The list itself is dangerous to begin with. Depression is common. “An estimated 22% of Americans ages 18 and older (about 1 in 5 adults), suffer from a diagnosable mental health disorder. 4 out of 10 leading causes of disability in the US and other developed countries are mental health disorders. Major depression is the leading cause of disability in the US.” It is also gendered. “Nearly twice as many women (12.0%) as men (6.6%) are affected by depression.”[5] Depression is also income related. “In 2005–2010, among adults 20–44 and 45–64 years of age, depression was five times as high for those below poverty, about three times as high for those with family income at 100%–199% of poverty, and 60% higher for those with income at 200%–399% of poverty compared with those at 400% or more of the poverty level.”[6] It is also racialized. “African-Americans have the highest rate of current depression (12.8 percent), followed by Hispanics (11.4 percent), and whites (7.9 percent).”[7] Depression is also correlated with stressful and traumatic life events. De jure discrimination on the basis of depression is de facto discrimination against women, minorities, impoverished, and those who have been subjected to rape, abuse, loss, and other trauma. If depression were necessarily permanently debilitating from military work, that would be one thing. But people’s ability to cope with depression covers a spectrum just as wide as people’s ability to cope with the inane bureaucracy that is military life. Also, these marginalized demographics should not be considered for diversity’s sake alone (while that is a worthy reason by itself); it is those who have experienced marginalization who have the strongest ability to empathize with those the military seeks to help, and the most experience overcoming difficult and stressful circumstances.

Furthermore, many people with depression do not have the resources or wherewithal to recognize what they are experiencing. It was only at the suggestion of my best friend that I first looked up symptoms of depression and began to wonder if that is what I was experiencing. It was only because my college has a counseling center that is accessible and relatively unstigmatized that I was able to seek counseling. It was only because I have insurance that covers mental health that I was able to go to a psychiatrist. It is only because I am a self-aware and strong person that I have been able to acknowledge to myself that I have depression. Yet all of these experiences that are evidence of my prevailing vitality are the exact reasons I can be disqualified. If anywhere along that chain I had lacked in friends, resources, or personal courage, I would not be in the place where I am, at risk of disqualification.

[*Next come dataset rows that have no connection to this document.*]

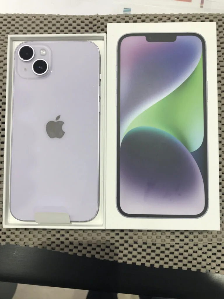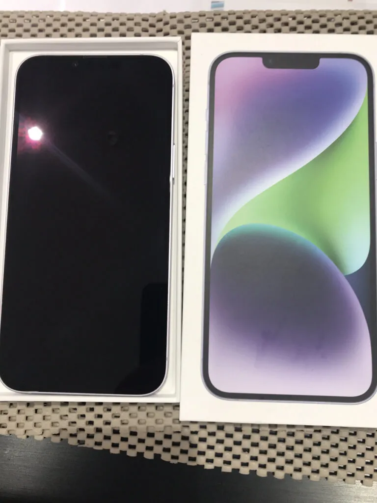 お買取した端末は『iPhone14Plus 256GB パープル 中古 SIMフリー』でございます。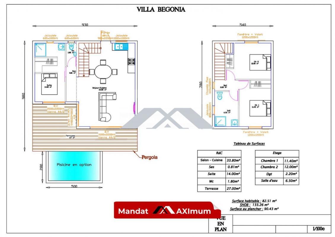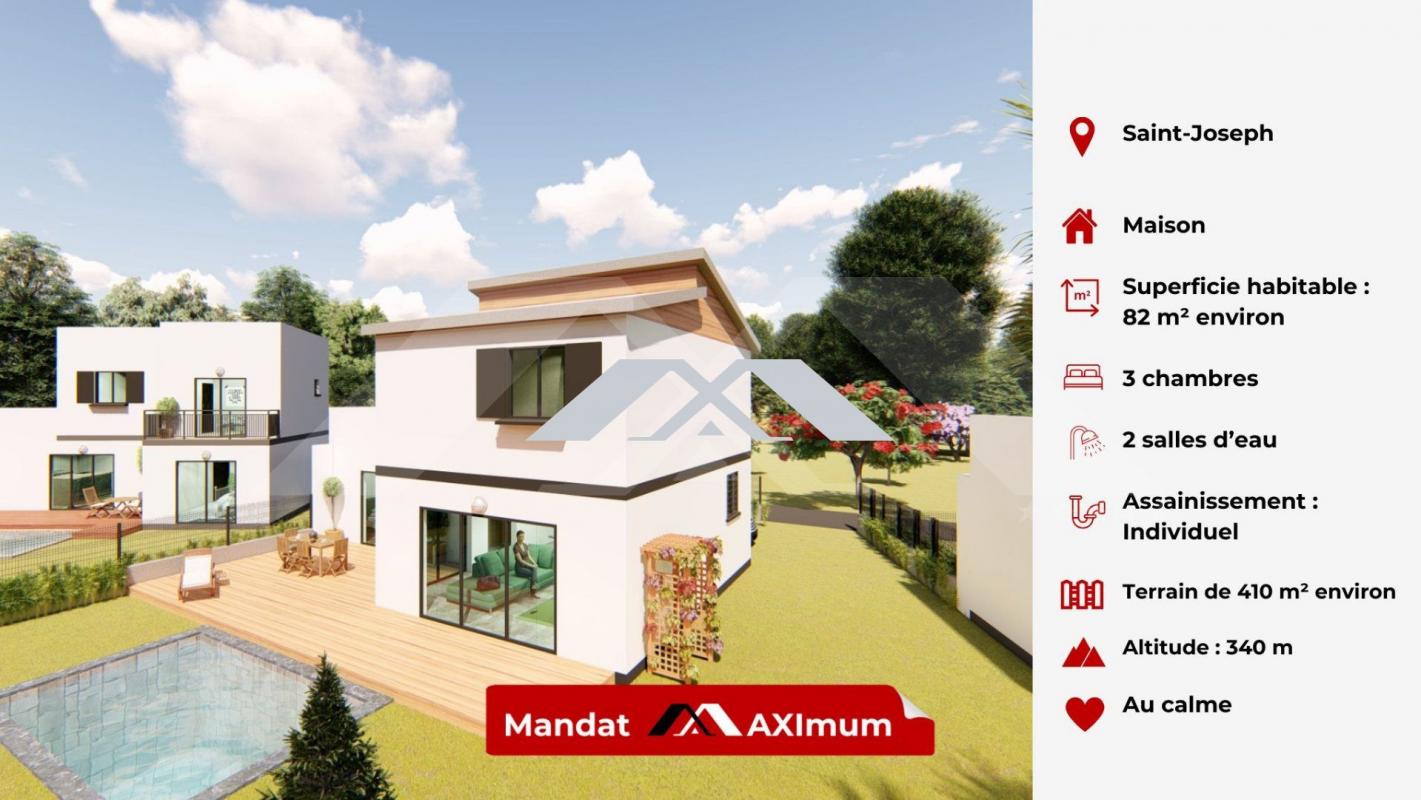 MAXImmo vous propose en exclusivité cette villa neuve d'environ 82 m², sur une parcelle bornée et clôturée d'environ 410 m². Programme JADE Villa BEGONIA Étage ou plain pied à votre convenance. 7 autres modèles de maisons possibles, modifiables ou vous pouvez choisir votre constructeur. Tous les terrains sont piscinables (en option) Assainissement individuel Magnifique vue mer Livraison 2026 11 lots disponibles de 320 à 450 m² bornés, situés à environ 340m d'altitude sur le secteur de Saint Joseph. 12 minutes du Leclerc Terrasse. 10 Minutes des écoles. Au rez de chaussée la cuisine ouverte sur le séjour vous offre un espace d'environ 34 m² attenant à une terrasse couverte de 27 m². Une suite parentale de 14 m² complète cet espace. A l'étage 2 chambres, ainsi qu'une salle d'eau avec wc. Honoraires TTC charge vendeur Mandat n° 12031 Réseau MAXImmo - Pour plus de renseignements contactez Marc.D au 06 93 63 38 27 ou par mail à [email protected] OU Evelyne au 06 93 62 55 07 ou par mail à [email protected] Plus d'informations et consultation de nos tarifs sur www.maximmo.re Les informations sur les risques auxquels ce bien est exposé sont disponibles sur le site Géorisques : www.georisques.gouv.fr' Honoraires à la charge du vendeur. Non soumis au DPE. Les informations sur les risques auxquels ce bien est exposé sont disponibles sur le site Géorisques : georisques.gouv.fr. Votre conseiller MAXImmo : Marc DENQUIN Agent commercial (Entreprise individuelle)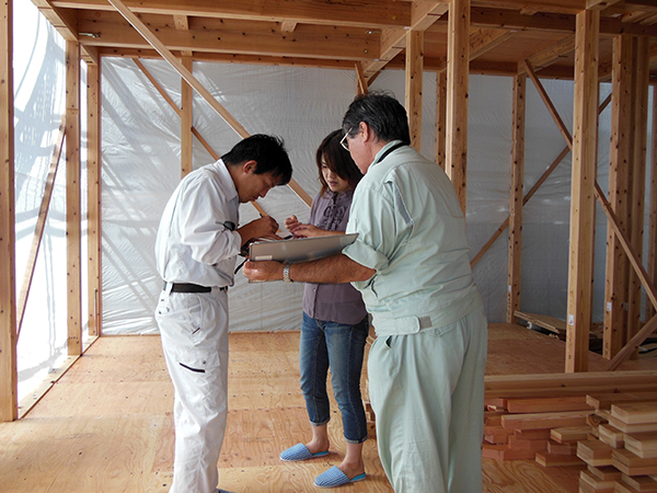 電気配線の打ち合わせは施主様が使いやすいように、図面上だけではなく実際の現場で行います。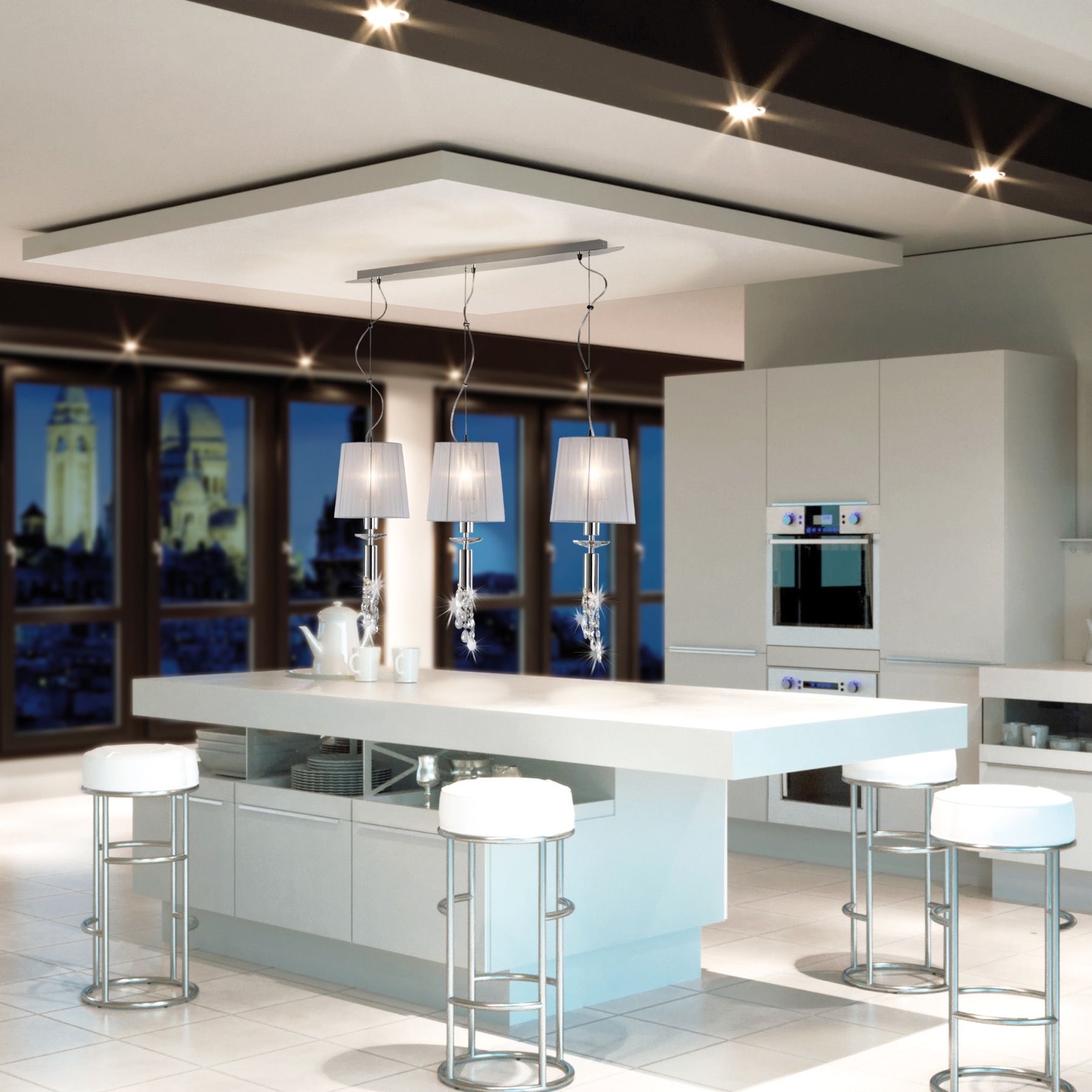 Перечислим технические характеристики подвесного светильника Mantra Tiffany 3855. Тип цоколя — E27. Общая мощность лампы — 75 Ватт. Высота люстры — 455 мм. Степень защиты — IP20, что обеспечивает защиту от проникновения предметов размером более 12 мм и защиту от капель воды, падающих под углом более 15 градусов. Подвесной светильник Mantra Tiffany 3855 — часть коллекции Tiffany. Плафон люстры имеет форму конуса и выполнен в белом цвете.

This means that those who are most in touch with their own mental health and those who are the most likely to be able and willing to reach out when they need help are shut out from the military from the very beginning. This is unfortunate for those individuals who are excluded, but it is even more unfortunate for the many individuals who make it into the military and find themselves surrounded by people who either have no experience with mental health concerns or do not have the resources or strength to realize their struggles.

We should not create a function of competence dependent on an arbitrary list that may or may not speak to someone’s actual ability. It would service the military much better to instead create a standard of quality of service, which impeded for any reason, could lead to discharge, that is dependent on performance and outcomes, not inputs. I understand that it is probably easier to measure inputs than outputs, but that is no excuse for discrimination on questionable bases.

Perhaps the most egregious manifestation of these problematic standards is the fact that the standards themselves so clearly violate the Army values. Loyalty to the Constitution and to each other as American Soldiers; duty to defend one another’s rights as Americans; respect for each individual Soldier, regardless of his or her background or personality; selfless service to the country as a whole and to one’s fellow Soldiers; honor in all one’s dealing with fellow Soldiers; integrity in showing no favoritism toward or bias against any group of Americans over another; and personal courage in defending fellow Soldiers from harassment because of their race, gender, religion, ethnicity, political views, economic status, or regional origins — these are supposedly what the Army stands for. How we claim to hold those values and simultaneously hold shamefully discriminatory bases for participation in our very institution, I do not know. And I plan to do everything I can to fight this toxic culture, whether I am forced to do it from the outside, or if I am granted the opportunity to command a unit, from within.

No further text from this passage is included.